The results also slightly differ from those of Schwarzkopf and Böning (2011), who suggest the influence of Pacific remote forcing on the SWIO region (their Figs. 2, 3, 4) using sensitivity experiments based on a very close numerical setup to the one that we use. This may be due to the fact that they do not explicitly separate decadal variability from interannual variability, and mostly focus on the multi-decadal variability (the “trend”). Looking at their results in more details (their Figs. 3, 4) suggest that, at decadal timescales, the variability in the SWIO is also dominated by regional forcing in the Indian Ocean, while the Pacific influence takes over at longer (multi-decadal) timescales.

The model SSLA shows a negative trend of steric sea level over 1966–2007 in the southern Indian Ocean, consistent with Han et al. (2010) and Timmermann et al. (2010), who used the same forcing (ERA40) on different periods (1958–2001 and 1961–2001 respectively). We agree with those two studies in attributing this sea level decrease to long-term changes in wind stress curl in the southern Indian Ocean, while Alory et al. (2007) attributed it to oceanic tele-connections with the Pacific Ocean. In the Pacific Ocean, our results differ more from those of Timmermann et al. (2010), who showed a ~20 cm per century sea level decrease in the western Pacific between 15°S and 5°S. When not considering the end of the record (i.e. 1966–2001 instead of 1966–2007), the steric sea level trends in our model is more consistent with Timmermann et al. (2010, not shown). This underlines once again that one must be very cautious when discussing multi-decadal wind stress variability. Indeed, as shown in Sect. 5.2, different products display quite different long-term trends in equatorial zonal wind stress, and wind stress curl (the main driving factors of long-term sea level variations). In addition, the moderate sensitivity of wind stress (and resulting sea level) variations in the considered period, demonstrated in Sect. 5.2, can become larger when looking at details of the spatial structure, as shown in Fig. 10. This confirm that the analysis of spatial patterns of long-term changes in sea level from forced ocean simulations must be taken with great care.
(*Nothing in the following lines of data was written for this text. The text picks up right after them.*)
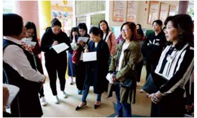
佛山市禪城區機關第一幼兒園代表細心介紹該園的安全管理措施

2016/17學年，仁濟醫院12間院屬幼稚園/幼兒中心以「校園安全」為聯校教師專業發展的主題。繼2016年11月26日舉行教育研討會及分層培訓工作坊後，一行逾百名幼稚園校長、教師於2017年3月31日前往佛山市進行兩天一夜的「教師專業交流2017」活動，到訪具衛生防疫安全、食物安全、環境建設安全等相關認證的學校，並與當地幼兒教育工作者互相觀摩和交流。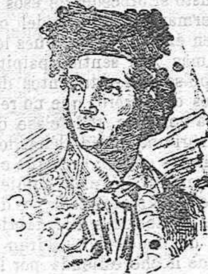
FRANCISCO MONTES (PAQUIRO).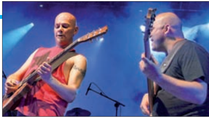
Celtas Cortos estará en Pinto

Los sonidos románticos del cantante gaditano Manu Carrasco inundarán el escenario el lunes 22 por un precio de 20 euros cada entrada, mientras que el violinista libanés de origen armenio y nacionalidad española Ara Malikian protagonizará un cambio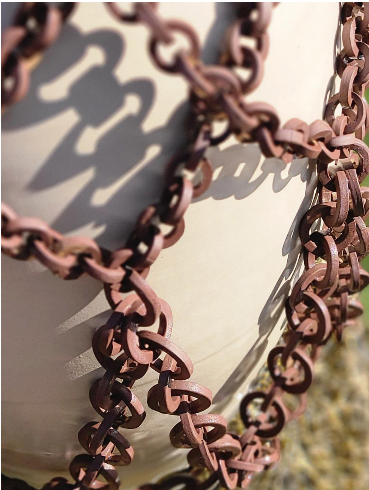
Gros vase enchaîné – Caroline Mary – Fictile Ceramic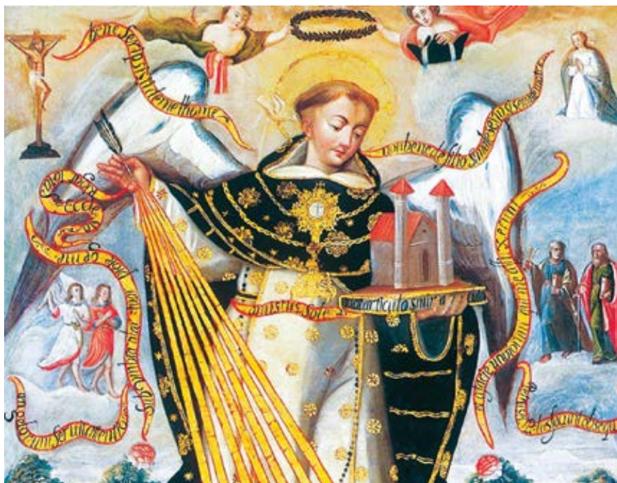
Sv. Tomáš Akvinský, ochránce univerzity v peruánském Cuzco (1690–1695)

Svatý Tomáš patřil k řádu kazatelů, nazývanému podle svého zakladatele „dominikáni“. Byl to první řád v dějinách církve, který považoval studium – tedy intelektuální práci – za svatou a posvěcující činnost samu o sobě, za něco, co stojí za to provozovat ne jako pouhý nástroj k ně-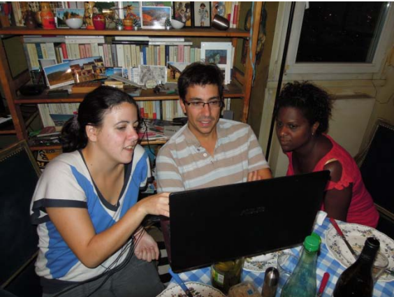
En famille à Paris fin aout 13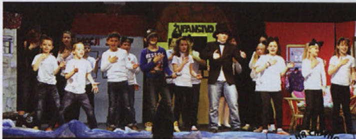
Nastopanje pred občinstvom terja veliko mero poguma, kar pa zna otrokom priti prav v nadaljnjem življenju.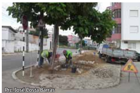
Pra. José Costa Barras

Na Rua Carlos Costa Lima, na Avenida Marcos Portugal e na Praceta José Costa Barras já terminaram as obras de requalificação destas artérias, que incluíram a execução de novos passeios, a beneficiação da calçada existente, o rebaixamento dos passeios nas passeadeiras e a desmatização da área envolvente.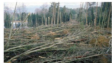
Abb. 3: Geworfener Buchenbestand (Lothar), Bremgarten (AG) (Quelle: Ulrich Wasem, Januar 2000)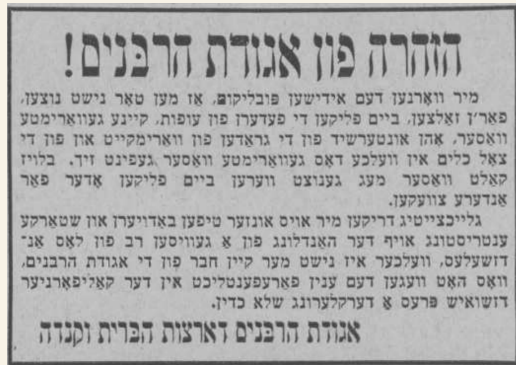
כרוז מאגודת הרבנים ד' סיון תשי"ט

נידון המכתבים הוא מריטת נוצות עופות שחוטים במים חמים. הנה קיי"ל, שלמרות שלא נאסר באכילה דם האברים שלא פירש לחוץ (ובשר חי מותר באכילה בלי מליחה), מ"מ באופן שפירש דם ממקום למקום, אסור באכילה (יו"ד סי' סז סעי' א). ועל כן, במקרה שנפל חתיכת בשר שלא נמלחה למים חמים שהיד סולדת בהם, חוששים שהחום גורם לדם לפרוש ממקום למקום, ונהגים לאוסרה באכילה (רמ"א יו"ד סי' סז סעי' יא, ש"ך שם ס"ק מד). על פי הג"ל, אסור למרוט נוצות עוף שחוט שעדיין לא נמלח, על ידי מים חמים שהיד סולדת בהם (יו"ד סי' סח סעי' י-יא). כבר הרדב"ז (ח"ד סי' אלף שיט) כתב לאסור מריטת הנוצות אפילו במים חמים שאין היד סולדת בהם, מאחר שעלול לבא לידי איסור, ובעידן המודרני, שהעופות השחוטים מעובדים בבתי חרושת על ידי פועלים נכרים, לפעמים ראו פוסקים לאסור מריטה בכל סוג מים חמים, אפילו כשאין היד סולדת בהם, מאחר שעלול הדבר לבא לידי קלקול.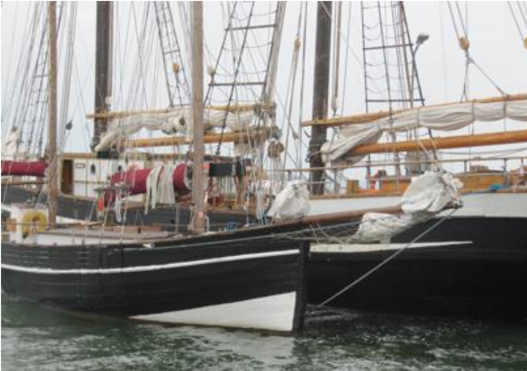
Skutar i Nagu

Huvudleden i Västanfjärd har ett djup -2,4 m som möjliggör besök av 14 medlemskepp av Skutförening Kustkultur i Finland rf. 5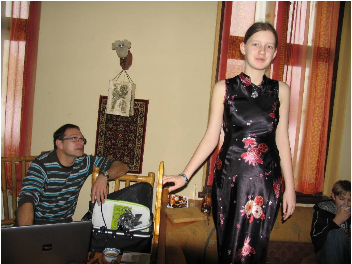
Pan Jarďa nam vypravel i o narodnim odevu a ukazoval spoustu fotografi.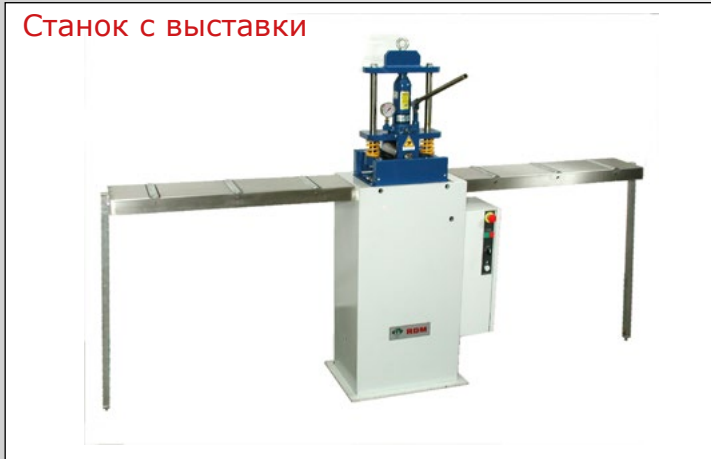
Станок с выставки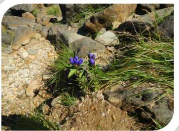
エゾオヤマリンドウ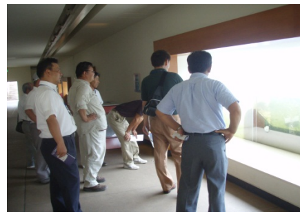
魚道観察室から階段式魚 道の状況を観察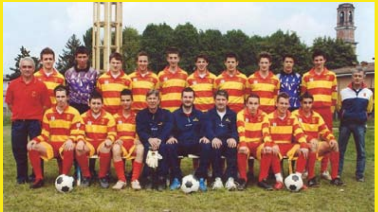
Squadra Juniores premiata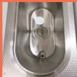
- Vasca con forma ovale - Tank with oval shape - Cuve avec une forme ovale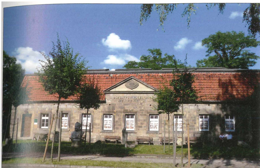
Ansicht des Ausstellungsgebäudes nach dem Verkleiden der aus Lichtschutzgründen ohnehin ständig verschlossenen Fenster mit Fototafeln.

seitige Hilfe und Unterstützung. Selbstverständlich sind Mitgliedschaften in Fachorganisationen und Vereinen, der Besuch von Tagungen. So sind das Heineanum oder seine Mitarbeiter Mitglieder im Museumsverband Sachsen-Anhalt, im Deutschen Museumsbund (DMB), im Verband Deutscher Präparatoren (VDP), in der Deutschen Ornithologen-Gesellschaft (DO-G), im Ornithologenverband Sachsen-Anhalt (OSA) und in diversen anderen ornithologischen Landes- und Regionalvereinen. Von Bedeutung sind die Tagungen, die auf Einladung des Museums Heineanum in Halberstadt stattfanden, so in erster Linie: Tagung der Landesgruppe Sachsen-Anhalt des VDP (1992 und 2005), Jahrestagung des OSA (1999, eingeladen: 2009), Tagung der Projektgruppe Spechte der DO-G (2000), Jahresversammlung der DO-G (2003), Tagung der Projektgruppe Ornithologische Sammlungen der DO-G (2004), Herbsttagung der Naturwissenschaftlichen Museen im DMB (2005). Neben der oft recht aufwändigen organisatorischen Vorbereitung solcher Tagungen wird Fachkompetenz und Unterstützung aus der Einrichtung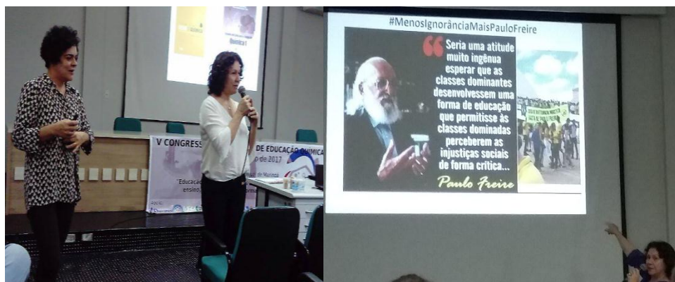
Figura 02: Da esquerda para a direita: Palestra e Mesa Redonda

The fifth assessment report (AR5) of the Intergovernmental Panel on Climate Change (IPCC) (due in 2013) will make extensive use of the Coupled Model Inter-comparison Project 5 (CMIP5) experiments. This project will include both the usual long-term projections and also ‘near term’ (i.e. decadal) hindcasts and predictions, with an initialized ocean state starting every fifth year from 1960 to 2005 (Taylor et al. 2012). Those datasets will hence allow evaluating the inherent capacity of CMIP5 models to reproduce observed patterns of Indo-Pacific sea level decadal variations (long-term experiments), but also the ability of those models to predict the observed evolution of those patterns over recent decades (say 1970–2010). This pragmatic “forecast capacity evaluation” approach should however be completed by experiments trying to assess the predictability of Indo-Pacific decadal sea level variations in an idealized model context (i.e. with a most perfect model and perfect initial state, in order to evaluate decadal predictability upper limits given the influence of atmospheric stochastic forcing).